-------- Data to examine

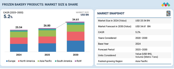 冷凍ベーカリー製品市場は、2024年の255億4,000万米ドルから、2030年までに346億1,000万米ドルに達すると予測されており、2025年から2030年にかけて年平均成長率(CAGR)は約5.2%となる見込みです。市場の成長は、都市化の進展、便利で焼くだけの食品に対する消費者の嗜好の変化、そして近代的な小売および外食産業チャネルの拡大によって支えられています。コールドチェーンインフラの強化や、スーパーマーケット、ハイパーマーケット、クイックサービスレストラン(QSR)における製品の入手可能性の拡大が、市場需要をさらに後押しし続けています。
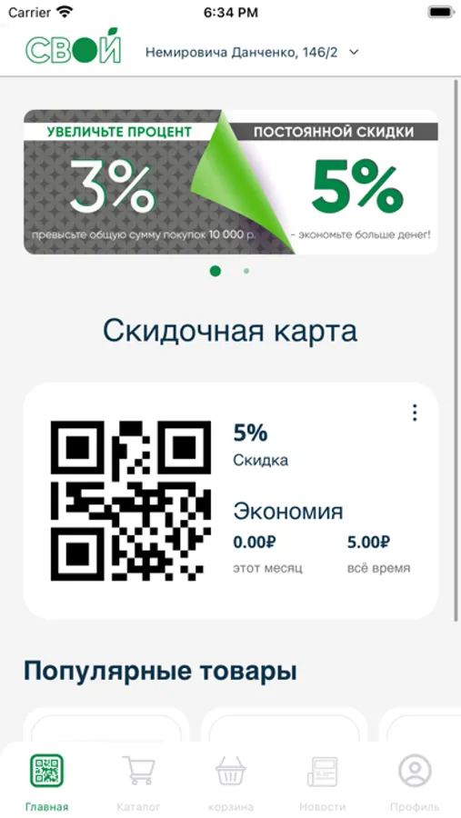 Используйте мобильное приложение программы лояльности как пластиковую, дисконтную карту в магазинах Свой. Отслеживайте экономию, смотрите историю покупок и отправляйте пожелания о работе магазинов.
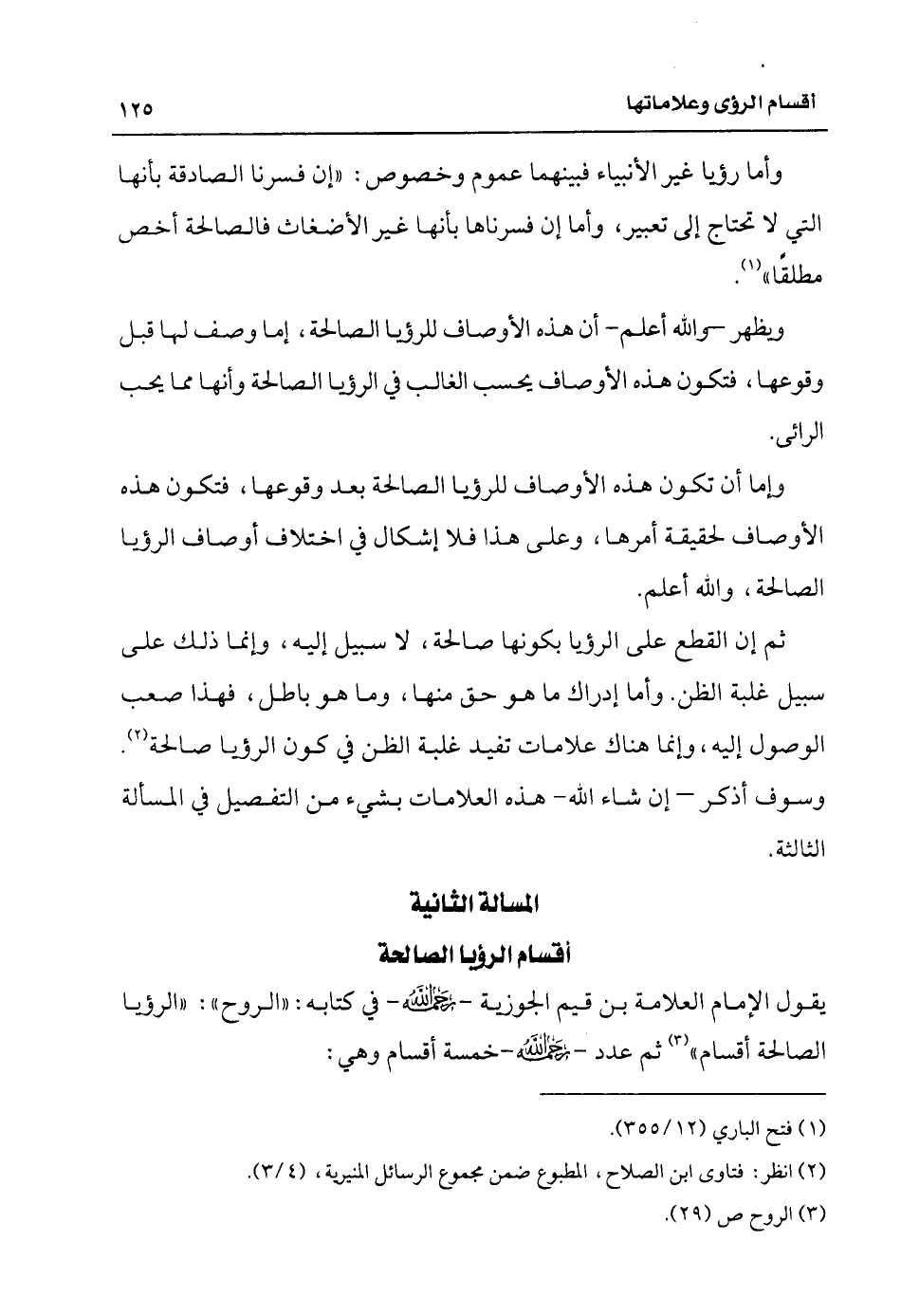 يقول الإمام العلامة ابن قيم الجوزية رحمه الله في كتابه "الروح": (الرؤيا الصالحة أقسام) (¬3) ثم عدد رحمه الله خمسة أقسام وهي:
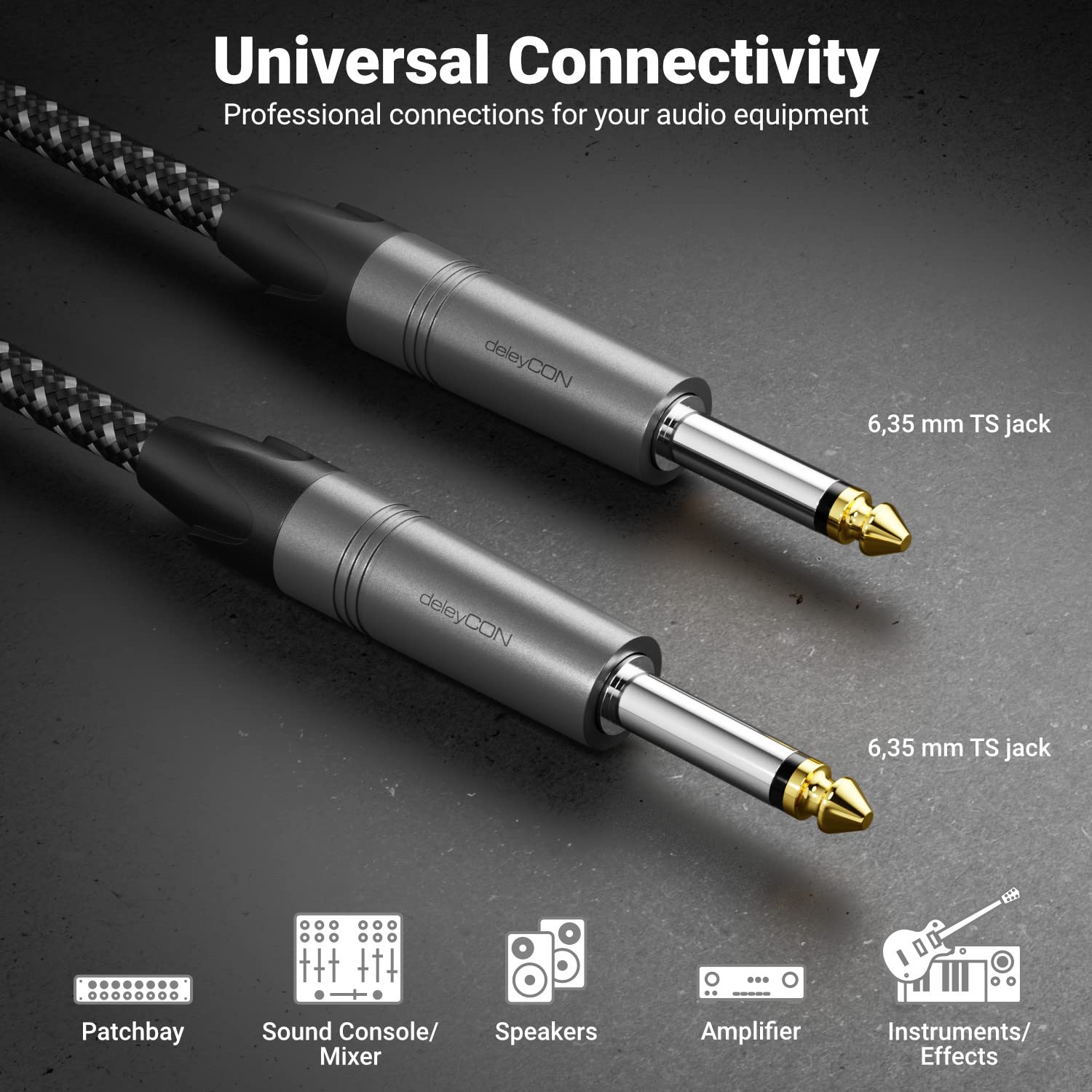 deleyCON Premium Instrumentenkabel - 6,35 mm Mono (TS) Stecker auf 6,35 mm (TS) Stecker mit Baumwollmantel in Studioqualität
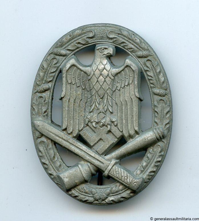 General assault badge – ”4 rivet” maker. Semi hollow zinc badge with riveted setup. Remains in worn condition with the finish fully lost. This maker was the only maker to use this unique style of attaching the setup. Slightly more uncommon GAB that still does not have a maker linked to it. No damage or repairs.
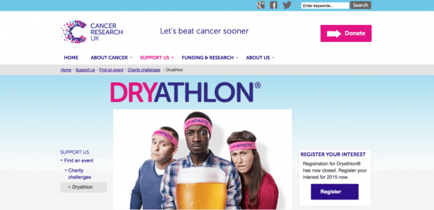 Сайт CRUK’s Dryathlon и January’s Veganuary.
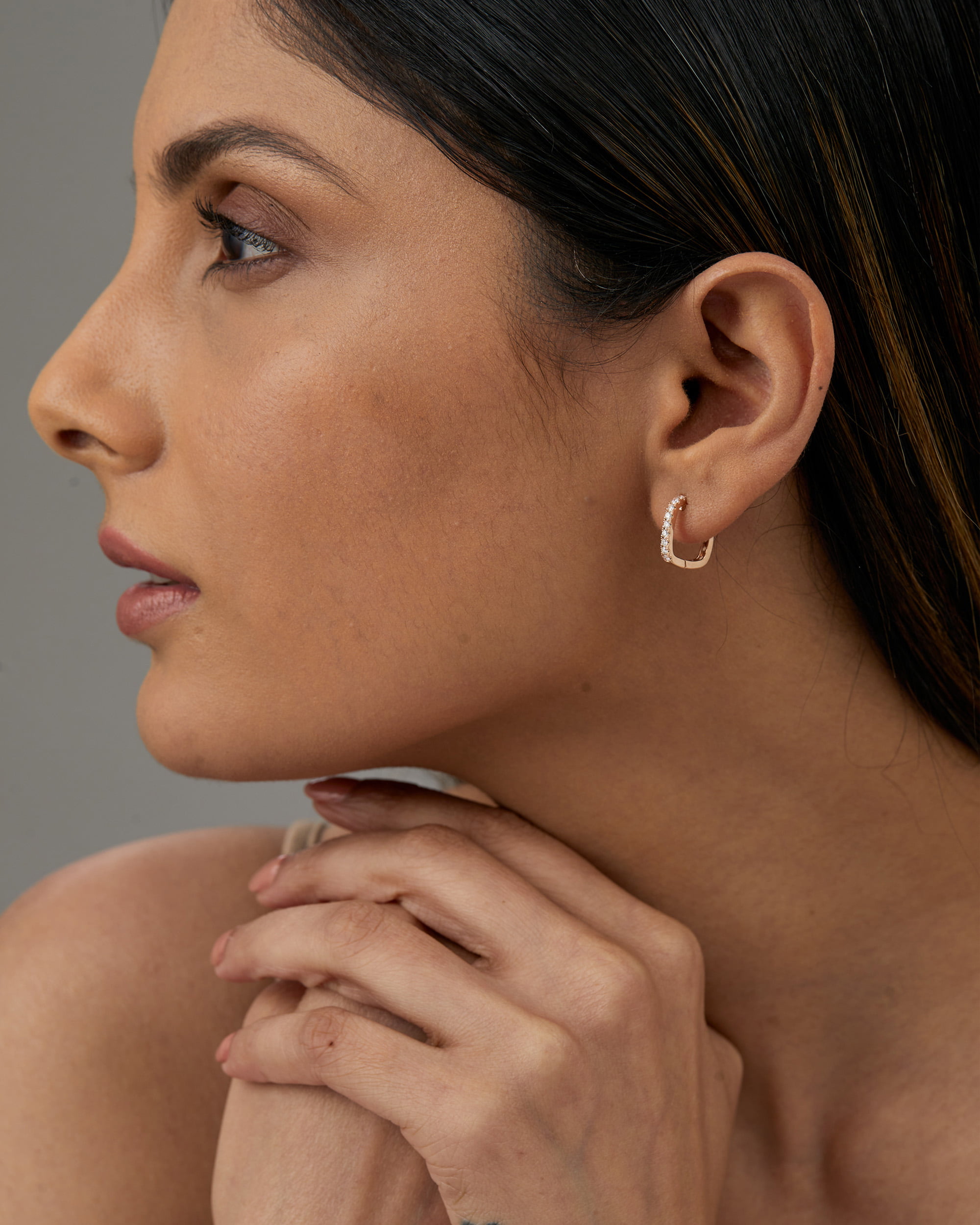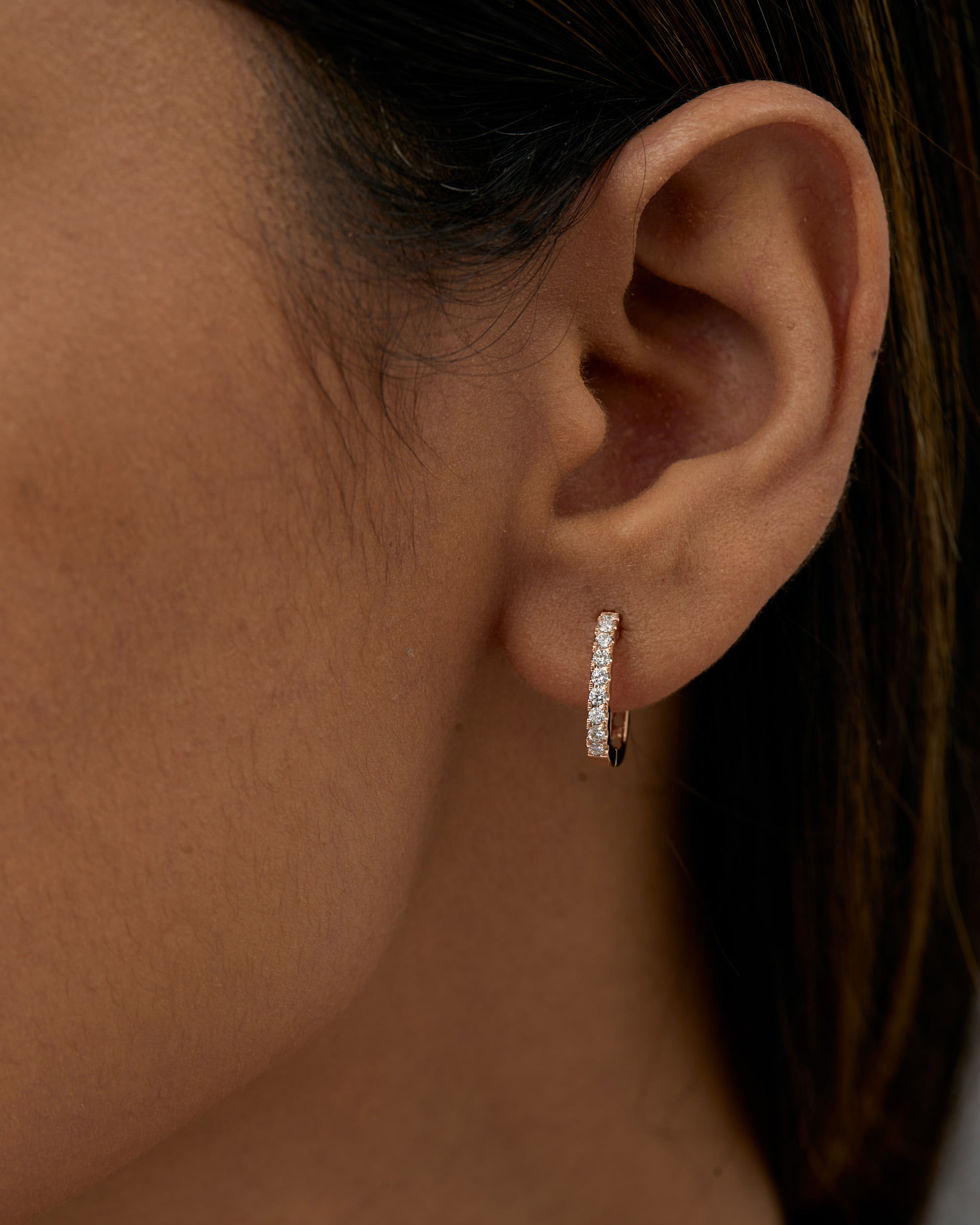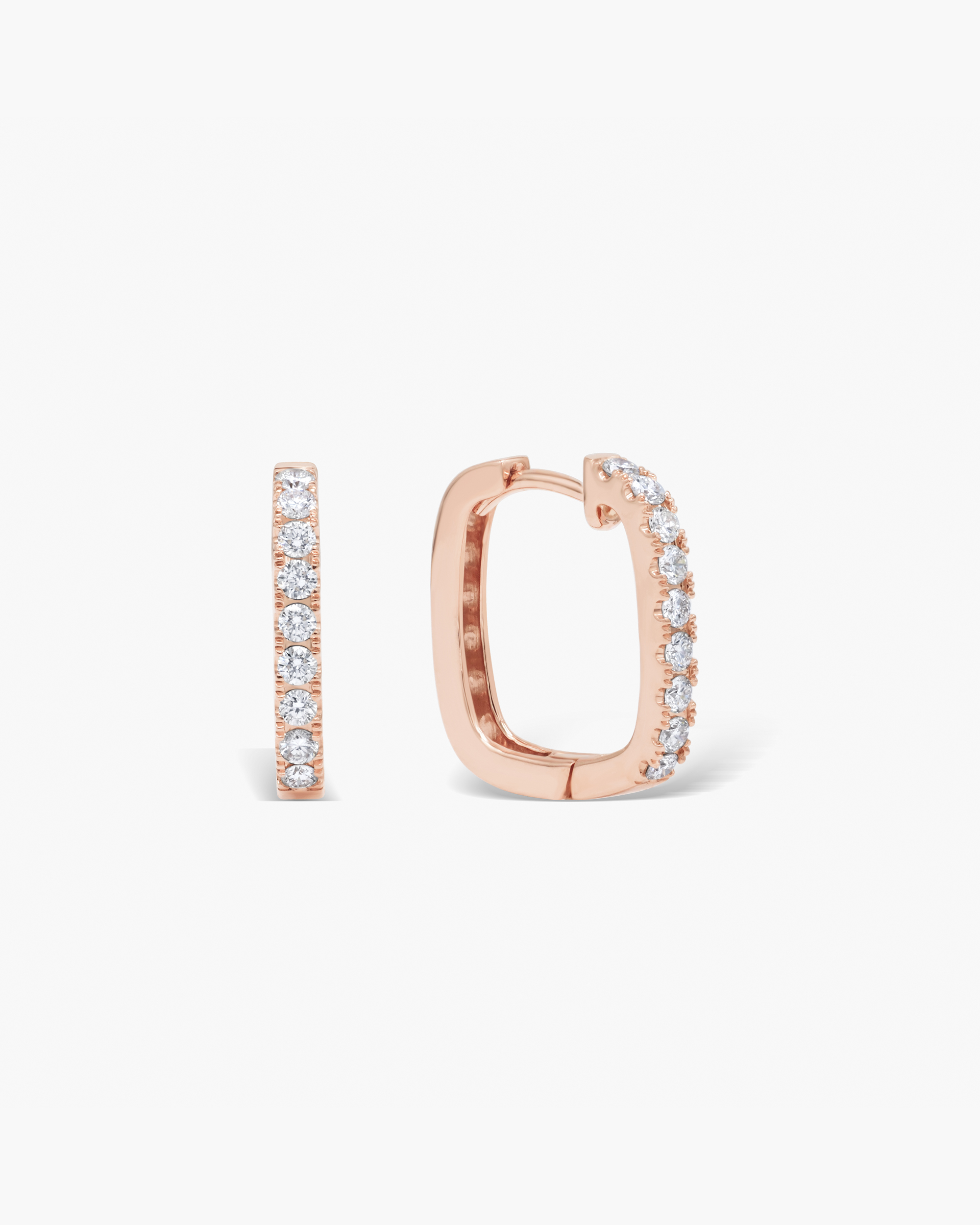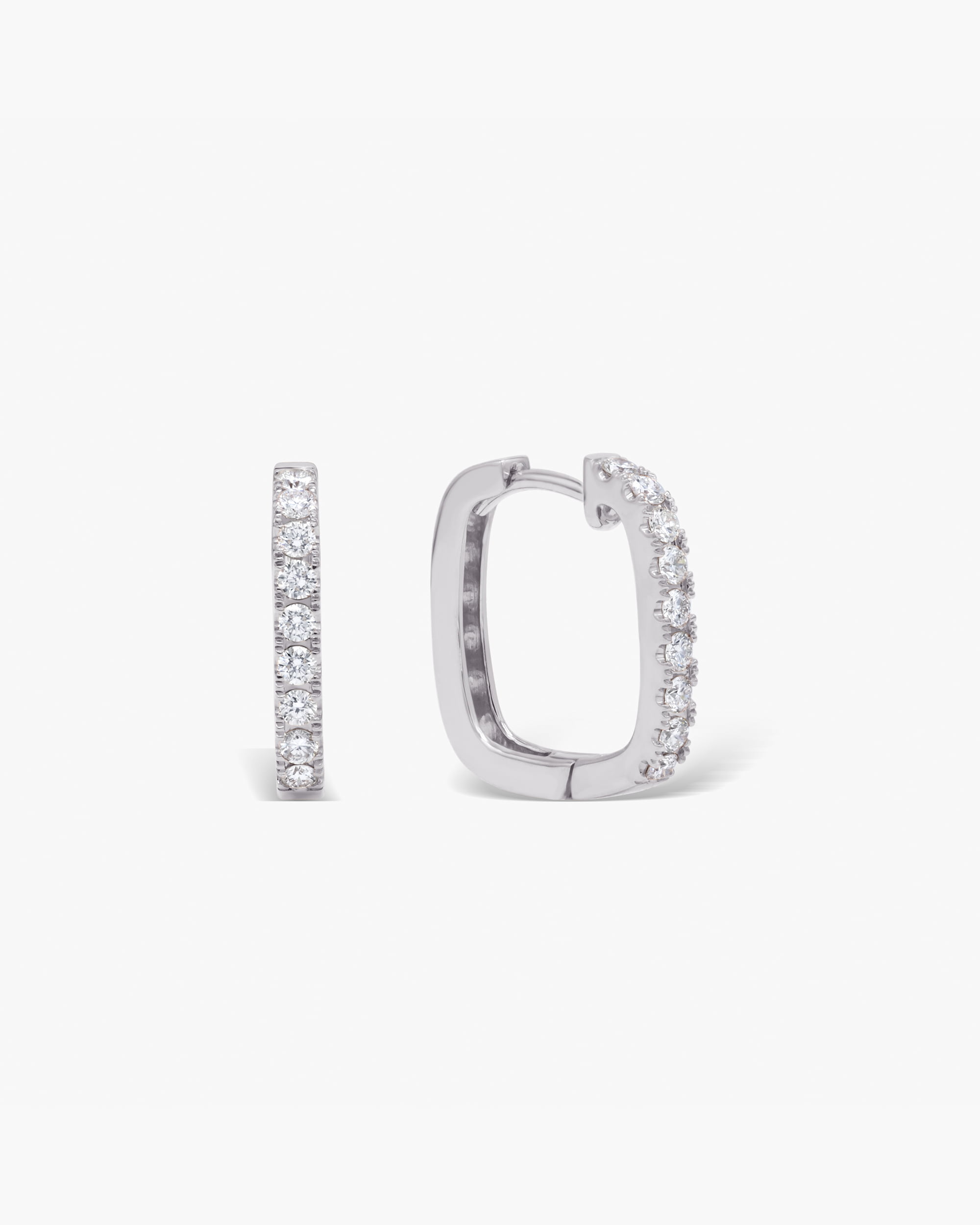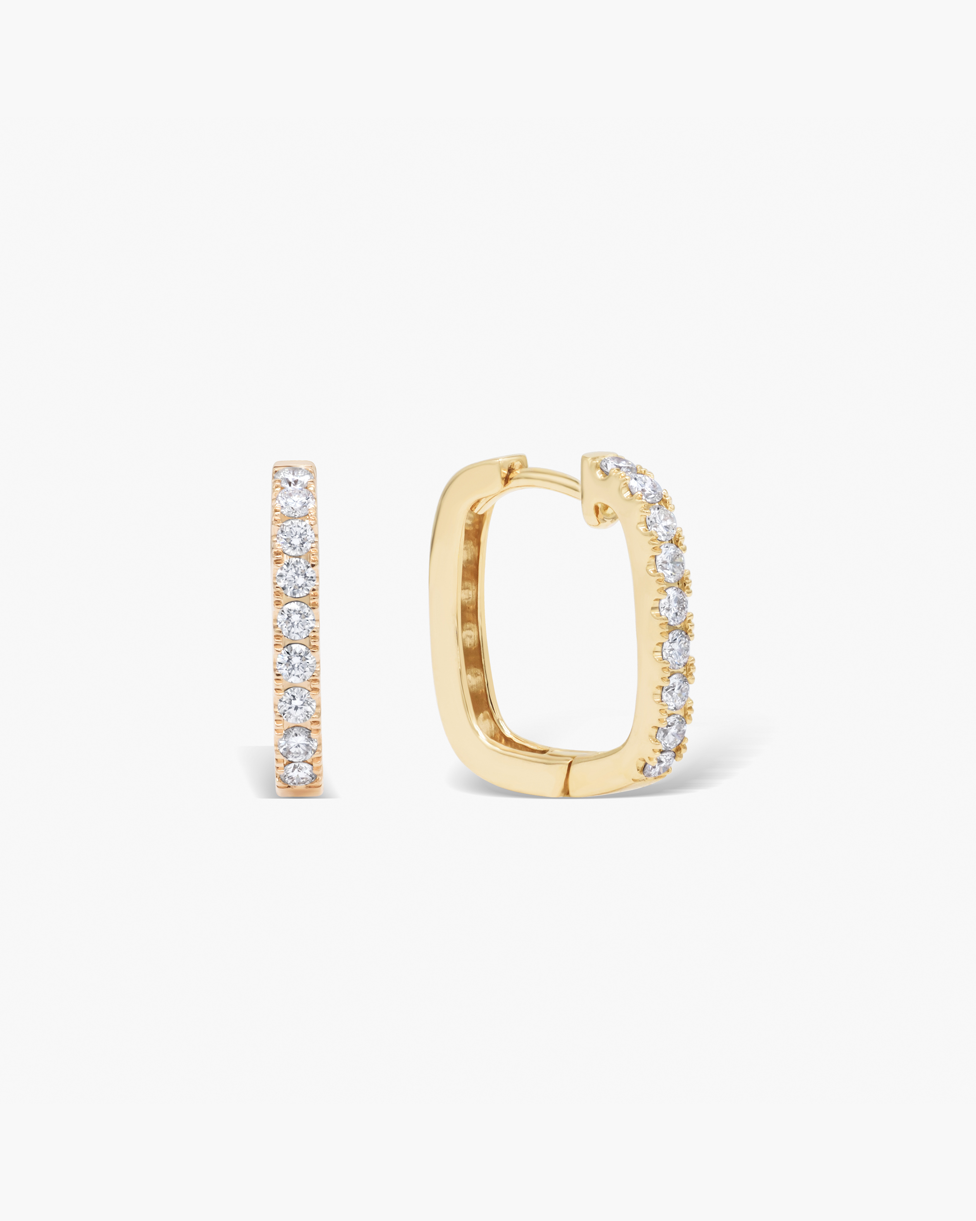 Inspired by geometric form is our Diamond Square Hoops (Slim), which is designed to be worn as a staple wear or saved for a special occasion. Featuring a single row of pavé set diamonds in the front and plain gold in the rear side.

----------------

§ Problem to work on
Reproduce exactly the part of the records above that begins at the line holding "Сайт CRUK’s Dryathlon и January’s Veganuary." and ends at the final line, both included, leaving out the pictures.

§ Task answer
 Сайт CRUK’s Dryathlon и January’s Veganuary.
 Inspired by geometric form is our Diamond Square Hoops (Slim), which is designed to be worn as a staple wear or saved for a special occasion. Featuring a single row of pavé set diamonds in the front and plain gold in the rear side.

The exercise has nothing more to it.